The Catholic Church does not support dual covenant theology and even if holding in 2006 that "The covenant that God made with the Jewish people through Moses remains eternally valid for them" (US Catholic Catechism for Adults), since 2008-9 it argues that "To the Jewish people, whom God first chose to hear his Word, belong the sonship, the glory, the covenants, the giving of the law, the worship and the promises; to them belong the patriarchs, and of their race, according to the flesh, is the Christ" (US Bishops get Vatican Recognitio for Change in Adult Catechism; USCCB News Release).

Ecclesia et Synagoga
Modern figurines by Paula Mary Turnbull

Christian views. Although Christianity affirms that the Pentateuch is part of Scripture that is inspired of God, Christian tradition denies that all of the Old Covenant still applies directly to Christians.
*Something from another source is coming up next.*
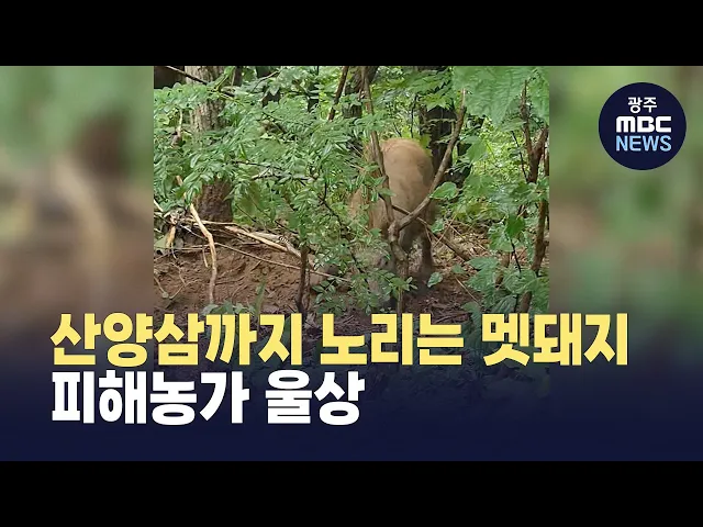 (앵커)사실상 최상위 포식자로 불리는 야생 멧돼지들이 농작물 뿐 아니라 산양삼까지 먹어치우는 걸로 파악되고 있습니다.농장주들은 수억대 피해에 비해 보상은 턱없이 부족하다고 망연자실하고 있습니다.원주문화방송 황구선 기잡니다.(기자)멧돼지 한 마리가 산 속에서 무언가 씹어먹다 갑자기 끌려갑니다.올무에 걸린 ...

Different arguments are used to reach that conclusion and there are differences of opinion within Christianity as to which parts, if any, still apply. Christianity, almost without exception, teaches that this New Covenant is the instrument through which God offers mercy and atonement to mankind. However, there are differences of opinion as to how the New Covenant affects the validity of the Old Covenant, how many Old Covenant laws such as the Ten Commandments are continued or renewed in the New Covenant, and related issues. The topic is still frequently debated among New Testament scholars and this produce many views. Yet, significantly, as pope Benedict XVI puts it, "The Gospel does not, of course, abolish the [Mosaic] Scriptures, nor push them to one side, but rather interprets them, so that henceforth and forever they form the Scriptures of Christians, without which the Gospel would have no foundation" (Joseph Ratzinger, Sacred Places, 2005).